À la limite de la résilience
La fragilisation financière a pu être endiguée par l’aide massive des gouvernements
Le déconfinement progressif est amorcé au Québec avec, pour toile de fond, une réouverture graduelle de l’économie. Si les mesures de restrictions atteignent un certain degré d’intolérance dans la population, elles arrivent à la limite de la résilience chez les entreprises dont l’activité n’entre pas dans la définition de produits et services essentiels.
Le sondage conjoint Statistique Canada et Chambre de commerce du Canada, réalisé du 3 au 24 avril auprès de quelque 12 600 entreprises, indique que l’impact de la COVID-19 sur les revenus est plutôt ressenti avec 53,5 % des répondants disant avoir mesuré une diminution de revenus de 20 % ou plus au premier trimestre. Et ce, alors que la fermeture des entreprises jugées non essentielles est survenue après la mi-mars (le 25 mars au Québec). De plus, elles sont plus nombreuses (34,1 % des répondants) à déclarer qu’elles ne pourront survivre moins de six mois, contre 32,1 % disant pouvoir dépasser ce laps de temps. Mais sous ces données, 17,5 % des entreprises canadiennes (20 % des québécoises) soutiennent ne pouvoir poursuivre leurs activités ou une partie de leurs activités avec des mesures de distanciation sociale en place.
En revanche, la fragilisation financière a pu être endiguée par l’aide massive des gouvernements sous forme de prestations ou de garanties de prêt. Ainsi, 62,1 % des répondants n’ont fait aucune demande de crédit à une institution financière pour couvrir leurs frais d’exploitation affectés par la COVID-19. Par contre, 22,1 % l’ont fait, et 6,5 % ont essuyé un refus. Près des trois quarts n’ont pas eu à procéder à une liquidation d’actifs et chez les entreprises ayant un loyer à rencontrer, 13 % ont dû reporter le paiement contre le double n’ayant pas eu à le faire. Quelque 16 % affirment toutefois ne pas avoir eu la possibilité de reporter le paiement du loyer.

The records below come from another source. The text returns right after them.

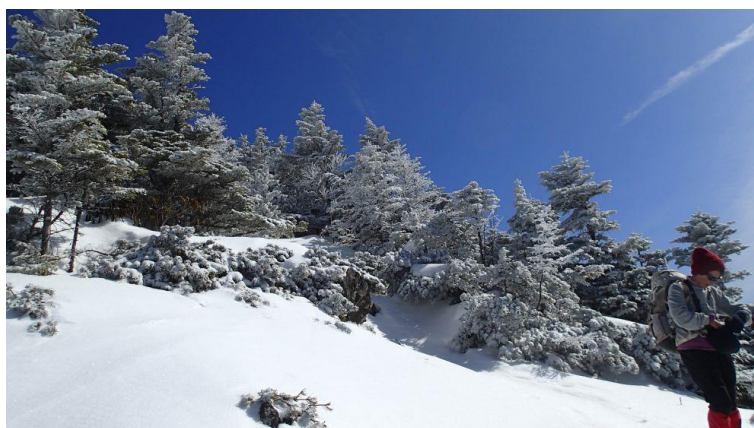
静かでのどかな絶景ポイント
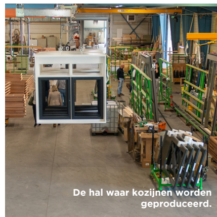
De hal waar kozijnen worden geproduceerd.
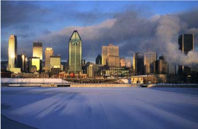
Montréal en hiver par Bertrand Lemeunier

Le photographe Bertrand Lemeunier partira en tournée à travers le Canada pour aider la Fondation Rêves d'enfants . Il effectuera ce voyage en bicyclette, de mai à décembre 2007, et il en profitera pour prendre des photos qu'il publiera dans un livre en 2008.
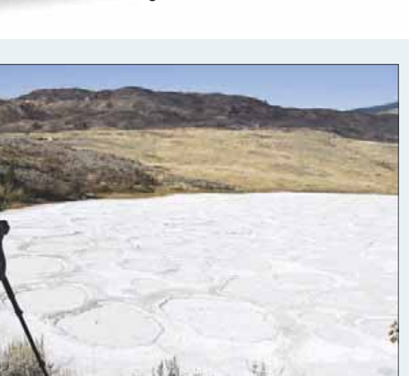
أحد الهواة يلتقط صوراً للبحيرة الغربية

شديد المعادن منها الكالسيوم وكبريتات الصوديوم والماغنسيوم في الماء. كانت هذه المعادن وكذلك مجموعة من الأملاح قد انتقلت إلى المنطقة من التلال المحيطة. ويعتمد لون البرك على تركيز المعادن بكل منها. وظلت ملكية الأرض المحيطة بالبحيرة
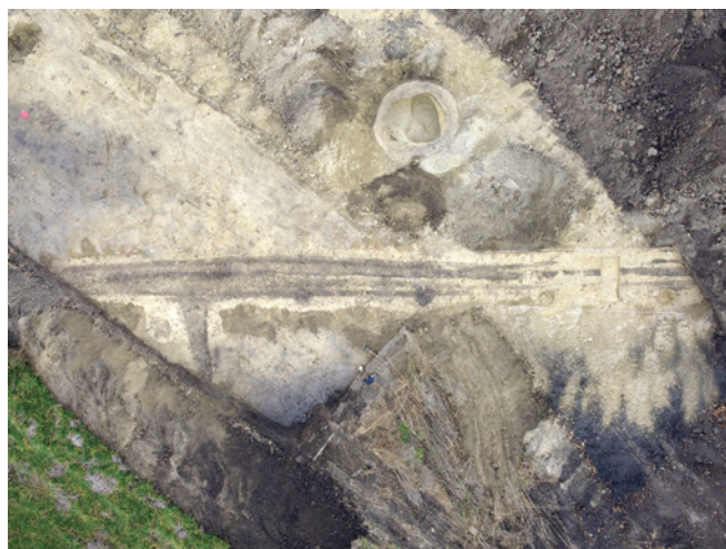
Obr. 48. Kobylí. Odkrytá novověká cesta.
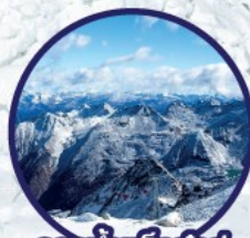
ธารน้ำแข็งต้ากู่
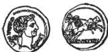
Динарий с изображением Юлия Цезаря.
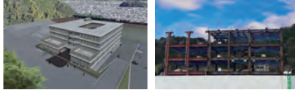
＊完成予想 金丸建築設計事務所より ＊令和7年1月現在の工事状況

● 県立沼津商業高等学校の新校舎工事は、基礎工事が終わり5階部分まで鉄骨の工事が行われています。現在の進捗率は59%（令和6年10月時点）で、令和8年度2月の竣工を目指し建設工事が行われています。 ＊新校舎は、吹抜けを設けた開放的な平面計画とシンプルな外観が特徴です。 ＊お問合せ：建築管理局建築工事課・設備課
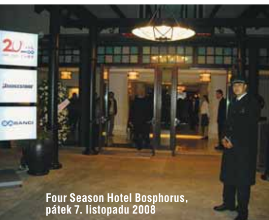
Four Season Hotel Bosphorus, pátek 7. listopadu 2008

V listopadu letošního roku uplynulo dvacet let od podepsání smlouvy o společném podniku na výrobu pneumatik mezi tureckou firmou Sabanci a japonským Bridgestonem. Pneumatikárna ve městě Izmit založená tureckým rodinným impériem Sabanci Group v té době fungovala již čtrnáct let, nicméně vstup japonského koncernu pro ni znamenal zásadní historický obrat.
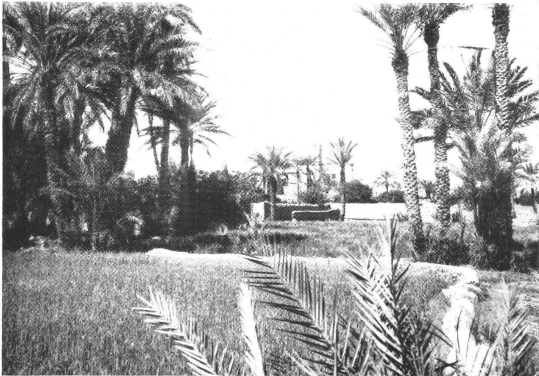
Fig. 1. L'Oasis de Bou Denib, oasis présaharienne typique. — Cultures irriguées. — Orge, Phoenix dactylifera .
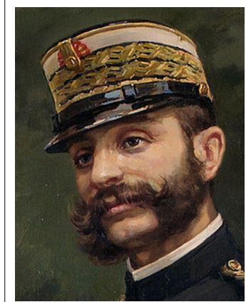
Alfonso XII 1857-1885

In 1874 werd een einde gemaakt aan de Eerste Spaanse Republiek en de monarchie onder het koningschap van Alfonso XII hersteld. Dat was het werk van de historicus Antonio Cánovas del Castillo, die gedurende de laatste kwart van de negentiende eeuw zonder twijfel de meest invloedrijke politicus was van Spanje. Hij creëerde een nieuw monarchaal stelsel dat ruimte bood aan een weliswaar conservatief getint, maar niettemin liberaal-kapitalistisch systeem waarin het primaat van de politiek lag bij de regering en de Cortes, met de koning als bewaker van de liberale staat. Sluitstuk van de politieke doctrine van Cánovas was de creatie van een systeem dat de conservatieve en meer progressief getinte bewegingen in staat stelde elkaar af te wisselen als regeringspartij. Als de ene partij was uitgeregeerd werd de koning gevraagd de regering te ontslaan en de Cortes te ontbinden. De daaropvolgende manipulaties met de verkiezingen brachten dan automatisch de andere partij aan de macht. Dit systeem, het zogeheten turnismo - had als voordeel dat het voortbestaan van de monarchie gegarandeerd was en voor de nodige stabiliteit zorgde na decennialang opblazende opstanden. Het turnismo werd vooral in stand gehouden door lokale caciques die op grote schaal verkiezingsfraude pleegden. Deze fraude staat in Spanje bekend als el pucherazo , afgeleid van het woord puchero ofwel de 'pot' waarin men valse stemmen bewaarde om later toe te voegen aan de stembussen. Deze term is nog steeds in zwang.
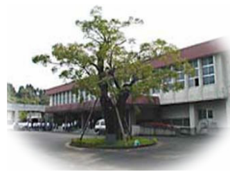
“あふち(せんだん)”の木

準備のため、出欠のご連絡を 5月10日(火)までにメールまたは同封のはがきで、事務局までお願い致します。
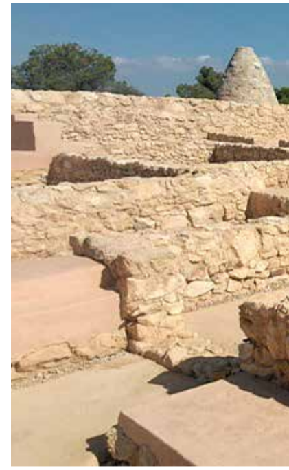
La ciudad de El Tòs Pelat es una de
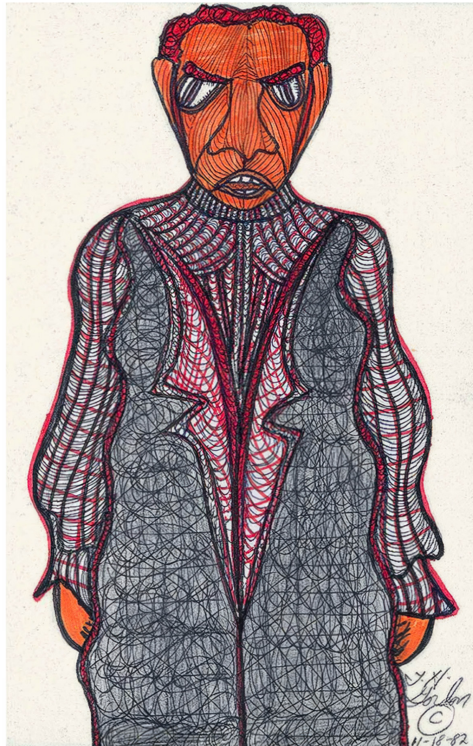
Ted Gordon Sans titre, 11.18.82, stylo à bille, feutre et mine graphite sur papier, 21,5 x 14 cm

ART BRUT / donation Bruno Decharme au MNAM-CP / 2021
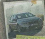
BMW Serie 2 Active Tourer
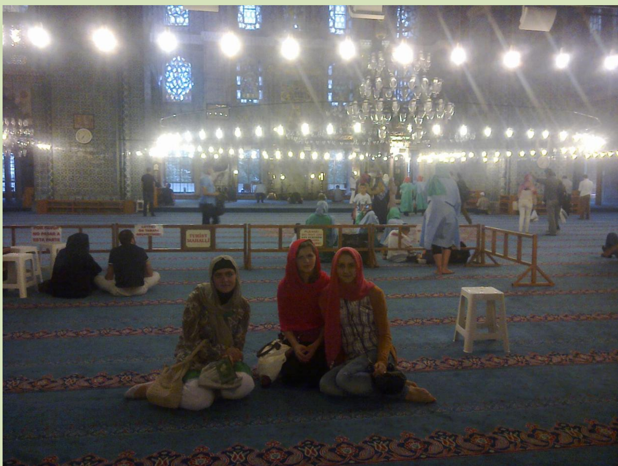
Unutrašnjost Plave džamije.

Poslije obilaska Plave džamije, svi učesnici su se uputili ka čuvenoj Kapali čaršiji.
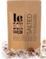
4-oz bag 約113.4g

CT : 10pcs PKG Size : W13×D7.9×H20.6cm 賞味期限 : 6ヶ月

Quant aux écarts, les plus fortes baisses de revenus en pourcentage ont été déclarées dans les secteurs de l’hébergement, des services de restauration, des arts, des spectacles et des loisirs et du commerce de détail. À l’autre bout du spectre, plus de 40 % des entreprises des secteurs de l’agriculture, de la foresterie, de la pêche et de la chasse et des services publics n’ont déclaré aucun changement ou ont déclaré une augmentation de leurs revenus, poursuit l’étude conjointe.
Et si 64,8 % des entreprises déclarent avoir subi des répercussions élevées en raison de la baisse de la demande de leurs produits ou services, 48,5 % ont plutôt été contraintes d’annuler les services qu’elles offraient. Ces dernières se retrouvent également dans les secteurs de l’hébergement, de la restauration, des loisirs et des arts et spectacles et du commerce de détail.
Question d’ajouter au jeu des écarts, un récent sondage de la Fédération canadienne de l’entreprise indépendante (FCEI) indiquait que près de la moitié des PME québécoises ont vécu une baisse de plus de 70 % de leurs revenus. Et 43 % d’entre elles disaient ne pas pouvoir survivre plus d’un mois à une forte baisse de leurs revenus.
Chez les travailleurs, uniquement au chapitre des pertes d’emplois au Québec, le secteur des biens a perdu 9000 emplois en mars alors que celui de la production des services a vu son nombre baisser de 255 000. Le gros des pertes est venu de l’hébergement et de la restauration (-24,4 %), suivi des services d’enseignement autres que le système public (-22,8 %), puis de la culture et des loisirs (-14,5 %). Encore là, le pire est à venir avec la lecture d’avril.
Une dominante se dégage de ces sondages à grande échelle ayant pour effet d’atténuer l’hétérogénéité des répondants et de niveler la gravité du ressenti selon les secteurs et industries. Ils sont très nombreux à craindre des dommages permanents.
Les plus fortes baisses de revenus en pourcentage ont été déclarées dans les secteurs de l’hébergement, des services de restauration, des arts, des spectacles et des loisirs et du commerce de détail.